INDIANAPOLIS — Two new state representatives serving Northwest Indiana will propose significant changes to life, business and government in the Hoosier State when the General Assembly convenes Thursday for its four-month session.
State Rep. Carolyn Jackson, D-Hammond, and state Rep. Chris Chyung, D-Dyer, both recently said they were elected in November to shake things up at the Statehouse, and that is exactly what they intend to do — despite the long odds against success for Democratic-sponsored legislation in the Republican-dominated chamber.
"When I first decided to run for this seat, I made it clear that I would use my position in state government to improve the lives of those who sacrifice the most, yet often get the least amount of help from government," Jackson said.
To that end, Jackson is preparing to file measures that would boost Indiana's minimum wage, require pay equity for men and women employed in identical positions, increase pre-kindergarten funding and improve social service programs for youth, seniors and veterans.
"I am of the belief that families should be our priority in every major piece of legislation that we face in the next session," Jackson said.
"Rather than wondering what types of taxes we need to cut for corporations across our state, I think we should worry about what we can do to make it easier for families to care for themselves."
Jackson also vowed to use her position on the House Environmental Affairs Committee to pursue additional, and possibly mandatory, testing for lead in the water supply of Indiana schools, after August testing in Hammond found dozens of school water fountains and sinks with detectable lead levels.
"In so many cases, the water systems in our schools have been neglected for too many years, and we are paying a price that can cause great damage to our children," Jackson said.
"The state of Indiana does have a program to test for lead in our schools, but it is voluntary, and less than 50 percent of our public schools were enrolled in the program (in 2018). These are not things that schools should be encouraged to join. It is something they should be required to join."
'Accountability and transparency'
Chyung, likewise, believes changes are required to ensure that Indiana government remains accountable and accessible to all Hoosiers.
That's why he wants to impose term limits on state legislators, eight years for representatives and 12 years for senators; and to ban former lawmakers from becoming lobbyists for five years after serving, instead of just one year.
"Term limits are a familiar idea, but I believe it is worth exploring because it ensures greater independence from elected officials and less potential reliance upon special interests to impact their work," Chyung said.
"At the same time, putting a longer lobbying ban in place will help to reduce the revolving door that seems to take place for lawmakers."
Chyung also will propose mandating more comprehensive disclosure of legislators' financial interests, including the actual dollar amounts of assets and liabilities.
"Greater accountability and transparency is a must for people in influential positions like the Legislature.
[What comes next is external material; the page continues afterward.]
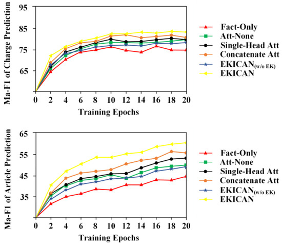 We presents the analysis of the results derived from our experiments, specifically focusing on the trends exhibited across different architectural setups over training epochs. This is depicted in Figure 6, which illustrates the evolution of Macro-F1 scores across training epochs for various models engaged in charge and article prediction tasks. We can conclude the following: The Concatenate Attention model demonstrates consistent improvement over time, underscoring its ability to effectively integrate multiple information streams. This model reaches peak performance quicker than others, highlighting its efficiency in learning complex relationships within legal texts. The models without external knowledge, denoted as EKCICAN (w/o EK), exhibit a slight decline compared to their counterparts that utilize external knowledge. This validates that external knowledge plays a crucial role in enhancing model accuracy by providing context.

If there are potential conflicts of interest, let them be noted for the public consumption. We should have nothing to hide in these positions," he said.
In addition, Chyung wants to move the legislative session from the winter months to the summer, so more educators and college students would have the scheduling flexibility necessary to seek and serve in public office.
"When I was talking to the people who live and work in the 15th House District, I gained a strong sense from my constituents that they were fed up with business as usual at the Statehouse," Chyung said.
"What they want is a better sense that the people who represent them have greater accountability to their interests and access to the office.
"What I am proposing is an attempt to find that accountability, while still providing a means to benefit those people who have a strong interest in public service."
Other Region lawmakers are expected to identify their top session priorities in the days leading up to the Jan. 10 deadline for filing legislative proposals in the House and Senate.